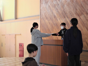 地域の方や先生方の方を向いて感謝の気持ちを伝えます。
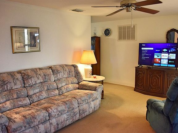 2/1.5/1 home. 864 Ht sq ft, Slider from kitchen to 192 sq ft. bonus area - enclosed Florida room with AC. Washer/Dryer in garage with wet sink and ½ bath. Original Kitchen and bath in pristine condition. Home was only used seasonally. Home comes furnished except for TVs and a few personal items. Two storage sheds in backyard. One against the house has newer electrical box. Looks like there is Terrazzo under the carpeting. Room sizes MOL to be verified by Buyer. Great started home, rental or winter get away.
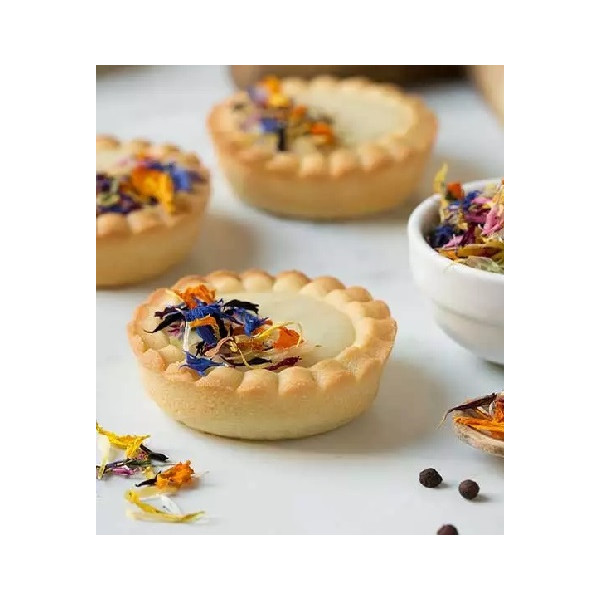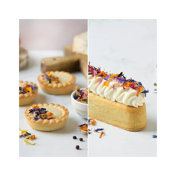 Fiori edibili colorati da Decora. Mix di petali di calendula, fiordaliso, malva, rosa, citronella, tagetes, menta rotundifolia, monarda ideali per decorare con eleganza e classe ad ogni tipo di preparazione culinaria sia dolce che salata
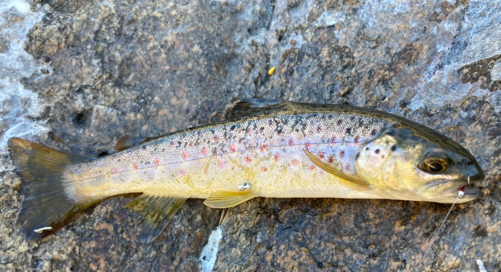 In a watery burst, what draws so many of us to fishing happened to me: a flash of majesty and a solid hungry grab. A 12-inch or so football-shaped trout gleamed silver in that brutally reflective water, hooked and reluctantly riding the current toward me.
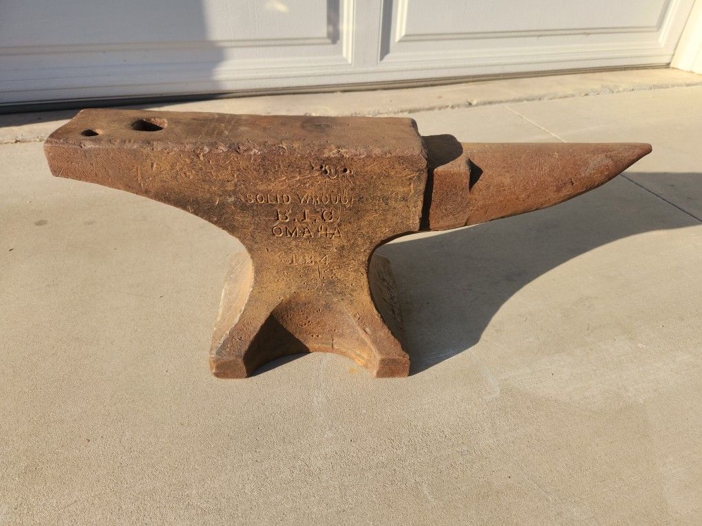 Solid Wrought Anvil. B.I.C. Omaha. True Americana at its finest. 124 pounds. Made by Hay Burden. Great rebound. Excellent ring tone. Great antique, for show or use.
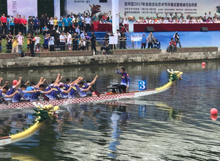 【香港商報网訊】记者王娜、通讯员彭桂红、李世钊报道:观澜河畔,锣鼓声喧,百舸争先。5月23日,来自海内外的24支龙舟队在观澜河上激情竞渡,观澜河龙舟赛业余组和公开组决赛,拉开了龙华区2017年龙舟文化艺术节帷幕。深圳市政府副秘书长刘佳晨,深圳市文体旅游局副局长韩星元,龙华区几套班子领导陈清、钟荫腾、苗宁礼等出席了开幕式。
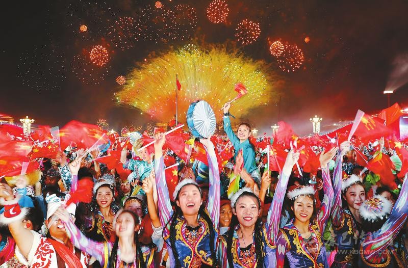 10月1日晚,天安門廣場火樹銀花、流光溢彩。習(xí)近平等黨和國家領(lǐng)導(dǎo)人來到天安門城樓,同各族各界群眾聯(lián)歡,共祝新中國70華誕。
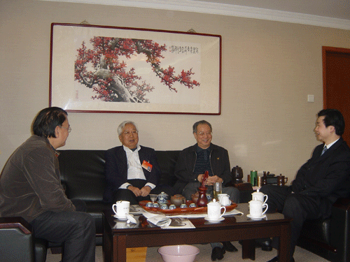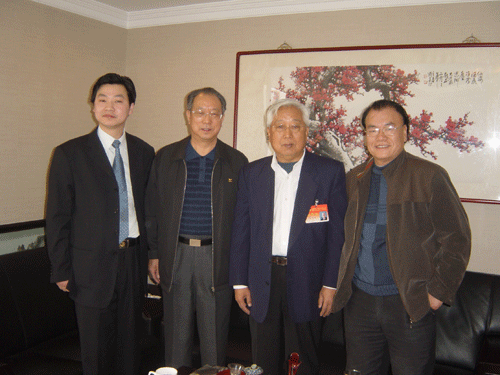 全国政协副主席、名誉院长张思卿(右二)亲切接见本院院长张道诚(左二)、副院长张松(右一)、秘书长汪碧刚(左一)。
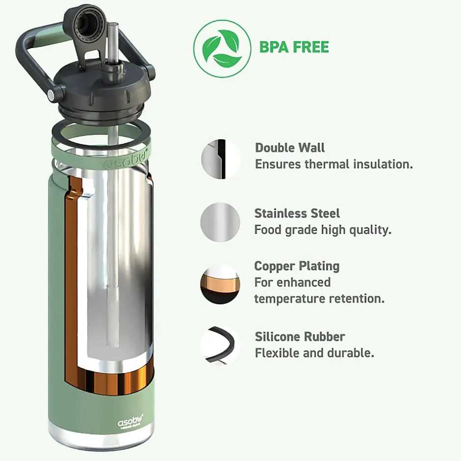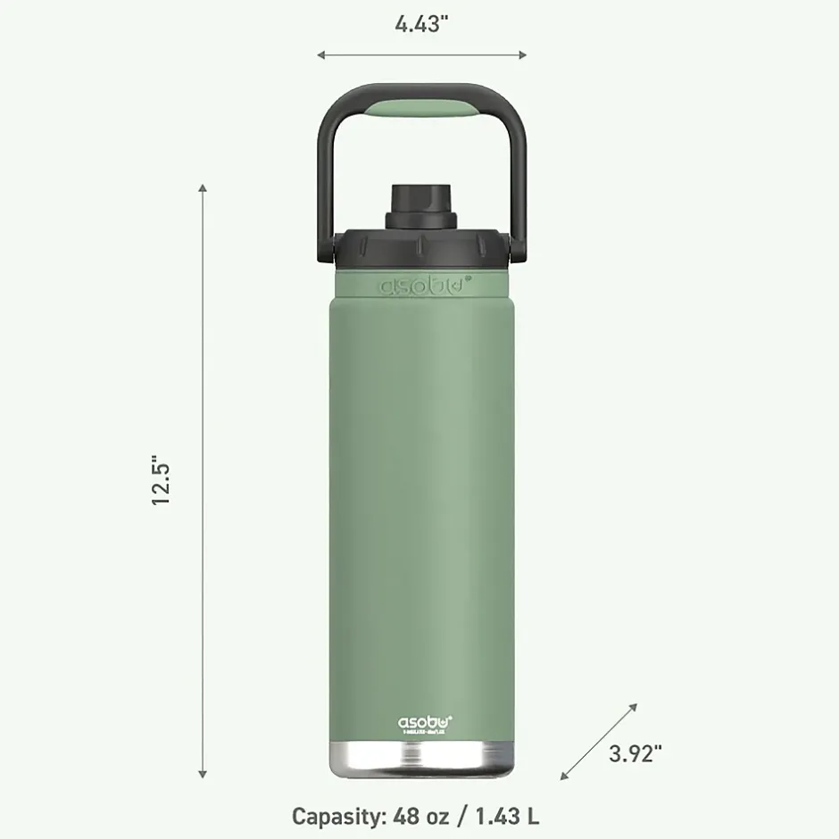 Stay hydrated on your next adventure with the ASOBU Canyon Bottle in Green! Even with its large 50-oz. capacity, the Canyon Bottle is easy to carry, thanks to its comfort-grip handle with soft-touch insert. And you don’t have to turn it upside down to drink because it features a built-in pop-up straw! The silicone rubber nonslip base keeps the bottle from sliding (and from making a racket when you put it down). ASOBU has thought of every possible feature to make your life easier — and they’ve put it in this bottle!

☆ ☆ ☆

■ Problem details ■
Where pictures appear in the records, leave them out; output everything else exactly.

■ Written reply ■
 地域の方や先生方の方を向いて感謝の気持ちを伝えます。
 2/1.5/1 home. 864 Ht sq ft, Slider from kitchen to 192 sq ft. bonus area - enclosed Florida room with AC. Washer/Dryer in garage with wet sink and ½ bath. Original Kitchen and bath in pristine condition. Home was only used seasonally. Home comes furnished except for TVs and a few personal items. Two storage sheds in backyard. One against the house has newer electrical box. Looks like there is Terrazzo under the carpeting. Room sizes MOL to be verified by Buyer. Great started home, rental or winter get away.
 Fiori edibili colorati da Decora. Mix di petali di calendula, fiordaliso, malva, rosa, citronella, tagetes, menta rotundifolia, monarda ideali per decorare con eleganza e classe ad ogni tipo di preparazione culinaria sia dolce che salata
 In a watery burst, what draws so many of us to fishing happened to me: a flash of majesty and a solid hungry grab. A 12-inch or so football-shaped trout gleamed silver in that brutally reflective water, hooked and reluctantly riding the current toward me.
 Solid Wrought Anvil. B.I.C. Omaha. True Americana at its finest. 124 pounds. Made by Hay Burden. Great rebound. Excellent ring tone. Great antique, for show or use.
 【香港商報网訊】记者王娜、通讯员彭桂红、李世钊报道:观澜河畔,锣鼓声喧,百舸争先。5月23日,来自海内外的24支龙舟队在观澜河上激情竞渡,观澜河龙舟赛业余组和公开组决赛,拉开了龙华区2017年龙舟文化艺术节帷幕。深圳市政府副秘书长刘佳晨,深圳市文体旅游局副局长韩星元,龙华区几套班子领导陈清、钟荫腾、苗宁礼等出席了开幕式。
 10月1日晚,天安門廣場火樹銀花、流光溢彩。習(xí)近平等黨和國家領(lǐng)導(dǎo)人來到天安門城樓,同各族各界群眾聯(lián)歡,共祝新中國70華誕。
 全国政协副主席、名誉院长张思卿(右二)亲切接见本院院长张道诚(左二)、副院长张松(右一)、秘书长汪碧刚(左一)。
 Stay hydrated on your next adventure with the ASOBU Canyon Bottle in Green! Even with its large 50-oz. capacity, the Canyon Bottle is easy to carry, thanks to its comfort-grip handle with soft-touch insert. And you don’t have to turn it upside down to drink because it features a built-in pop-up straw! The silicone rubber nonslip base keeps the bottle from sliding (and from making a racket when you put it down). ASOBU has thought of every possible feature to make your life easier — and they’ve put it in this bottle!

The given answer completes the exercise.